» DIRECTIONS: Among the records that follow, set down only the lines from the one containing "Unter Begleitung der" to the one containing "The use of a", both included, exactly.

» INPUT:
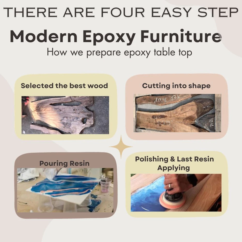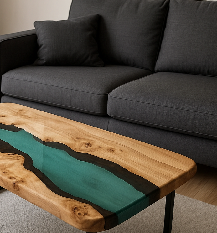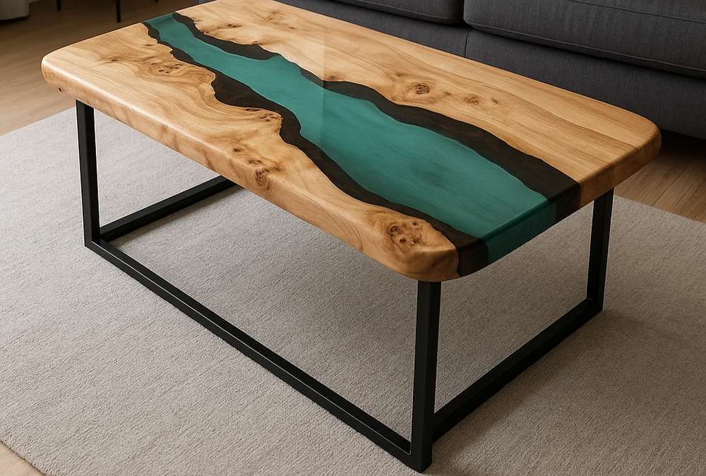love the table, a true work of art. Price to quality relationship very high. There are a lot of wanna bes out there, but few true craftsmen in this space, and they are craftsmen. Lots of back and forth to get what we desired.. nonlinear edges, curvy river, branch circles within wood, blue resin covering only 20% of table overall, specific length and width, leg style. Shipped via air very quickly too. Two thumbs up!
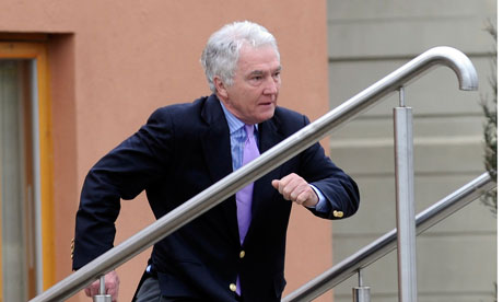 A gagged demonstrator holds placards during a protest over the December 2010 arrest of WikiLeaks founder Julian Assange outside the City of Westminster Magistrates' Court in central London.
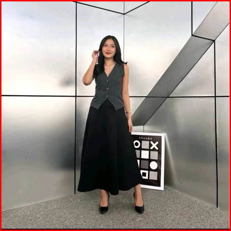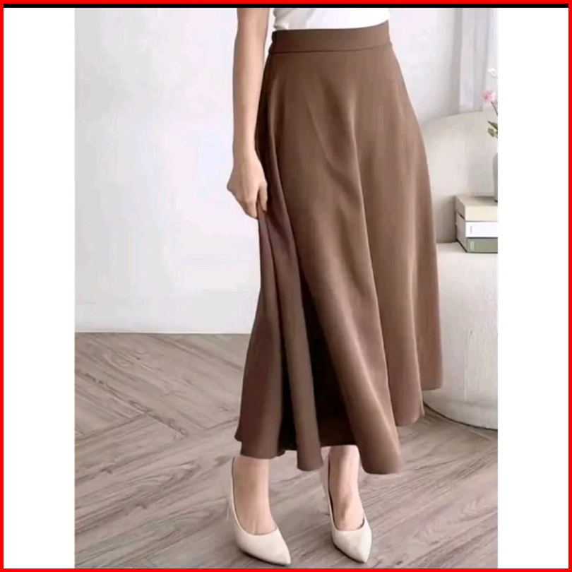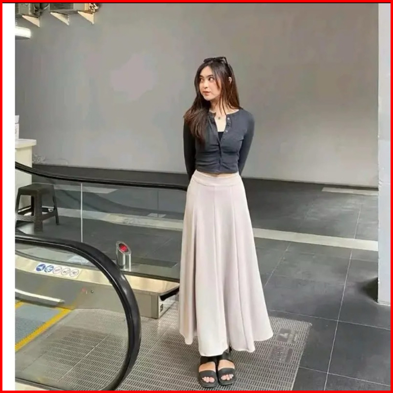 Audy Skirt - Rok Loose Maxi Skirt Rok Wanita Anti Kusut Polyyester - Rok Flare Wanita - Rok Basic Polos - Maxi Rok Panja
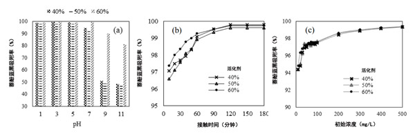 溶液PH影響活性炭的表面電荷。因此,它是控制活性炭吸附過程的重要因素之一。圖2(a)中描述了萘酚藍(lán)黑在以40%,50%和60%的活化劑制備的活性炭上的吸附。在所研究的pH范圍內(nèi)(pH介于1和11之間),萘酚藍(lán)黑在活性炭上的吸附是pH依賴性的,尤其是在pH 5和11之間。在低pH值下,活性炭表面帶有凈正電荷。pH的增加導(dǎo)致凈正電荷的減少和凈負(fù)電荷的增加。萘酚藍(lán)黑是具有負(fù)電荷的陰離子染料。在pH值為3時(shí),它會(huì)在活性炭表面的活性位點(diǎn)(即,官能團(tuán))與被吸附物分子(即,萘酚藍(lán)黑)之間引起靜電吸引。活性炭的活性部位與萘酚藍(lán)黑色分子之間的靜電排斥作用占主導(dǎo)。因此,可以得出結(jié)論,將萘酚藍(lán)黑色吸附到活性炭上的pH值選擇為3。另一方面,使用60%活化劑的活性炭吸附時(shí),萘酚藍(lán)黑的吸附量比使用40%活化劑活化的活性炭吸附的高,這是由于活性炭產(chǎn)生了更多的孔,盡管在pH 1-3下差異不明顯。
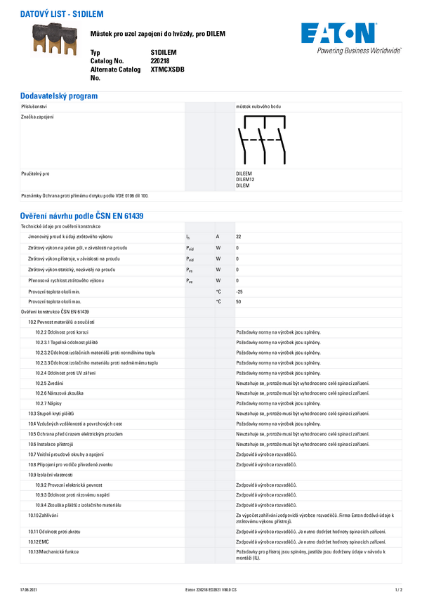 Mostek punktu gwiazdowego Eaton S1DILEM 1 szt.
---
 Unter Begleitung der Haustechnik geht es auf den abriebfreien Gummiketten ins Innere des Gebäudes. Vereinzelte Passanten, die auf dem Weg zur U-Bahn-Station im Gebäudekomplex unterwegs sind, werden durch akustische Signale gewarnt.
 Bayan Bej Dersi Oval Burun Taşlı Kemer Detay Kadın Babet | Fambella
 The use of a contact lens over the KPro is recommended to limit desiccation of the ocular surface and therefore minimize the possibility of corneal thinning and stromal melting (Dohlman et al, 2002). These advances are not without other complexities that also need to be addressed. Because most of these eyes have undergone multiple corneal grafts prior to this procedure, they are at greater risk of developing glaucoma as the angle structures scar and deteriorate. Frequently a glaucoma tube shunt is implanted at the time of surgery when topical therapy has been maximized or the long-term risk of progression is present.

» SOLVED EXERCISE:
 Unter Begleitung der Haustechnik geht es auf den abriebfreien Gummiketten ins Innere des Gebäudes. Vereinzelte Passanten, die auf dem Weg zur U-Bahn-Station im Gebäudekomplex unterwegs sind, werden durch akustische Signale gewarnt.
 Bayan Bej Dersi Oval Burun Taşlı Kemer Detay Kadın Babet | Fambella
 The use of a contact lens over the KPro is recommended to limit desiccation of the ocular surface and therefore minimize the possibility of corneal thinning and stromal melting (Dohlman et al, 2002). These advances are not without other complexities that also need to be addressed. Because most of these eyes have undergone multiple corneal grafts prior to this procedure, they are at greater risk of developing glaucoma as the angle structures scar and deteriorate. Frequently a glaucoma tube shunt is implanted at the time of surgery when topical therapy has been maximized or the long-term risk of progression is present.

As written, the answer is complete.